Sharks and an Alligator Spotted Sharing the Same Waters in South Carolina
According to Morgan Hart, Alligator Project Leader for the South Carolina Department of Natural Resources, sightings like this aren’t as rare as people think. “In coastal areas, sharks and alligators encounter each other quite a bit,” Hart said. Skull Creek is brackish, meaning it’s a blend of fresh and saltwater. Lemon sharks, which prefer warm saltwater, and gators, which usually stick to freshwater, can both hang out here if the conditions are right.
And as long as they’re roughly the same size, there’s not much reason to panic. “They’re not a threat to each other either and coexist well,” Hart said. Of course, if one happens to be much smaller than the other, nature might take its course. But in this case, both parties seemed more committed to chilling than hunting.

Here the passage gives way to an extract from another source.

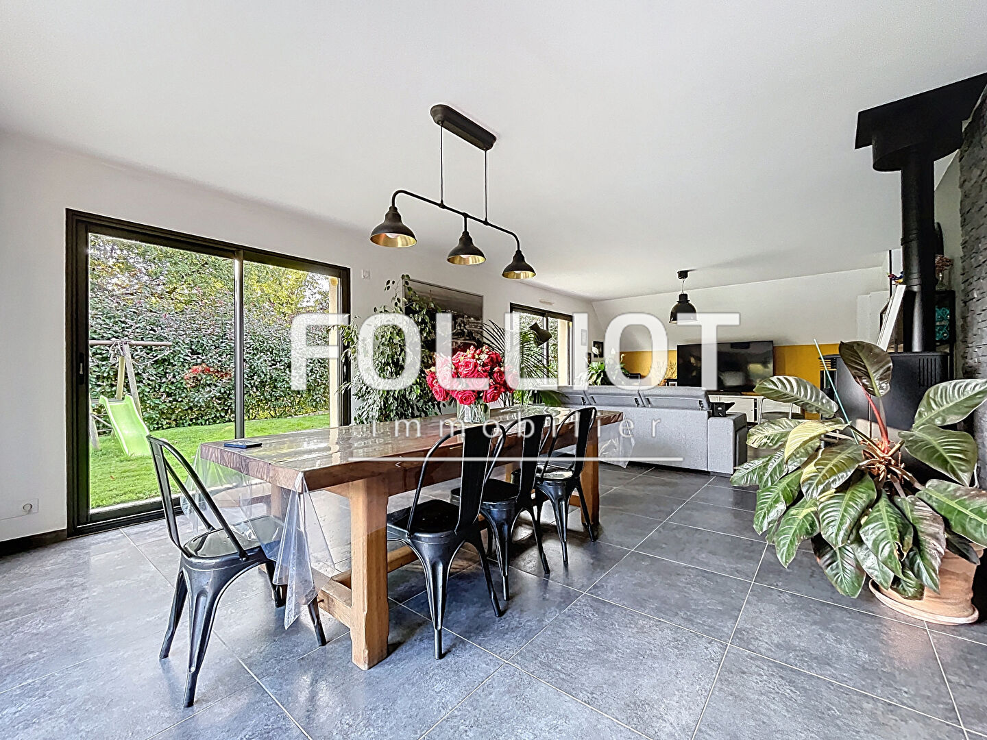 - Au rez-de-chaussée : salon avec poêle à bois, salle à manger, cuisine et séjour

The bigger risk, Hart warned, comes from humans. Feeding or harassing alligators is illegal—and dangerous. Gators that lose their fear of people can become aggressive, especially if they start associating humans with snacks. “It creates an animal that would normally have a fear of people into one that might intentionally approach people for food,” she said.
For now, though, Hilton Head’s wildest dinner guests have left peacefully. No fights. No bites. Just a shark-gator hangout that somehow didn’t end in disaster. Florida, take notes.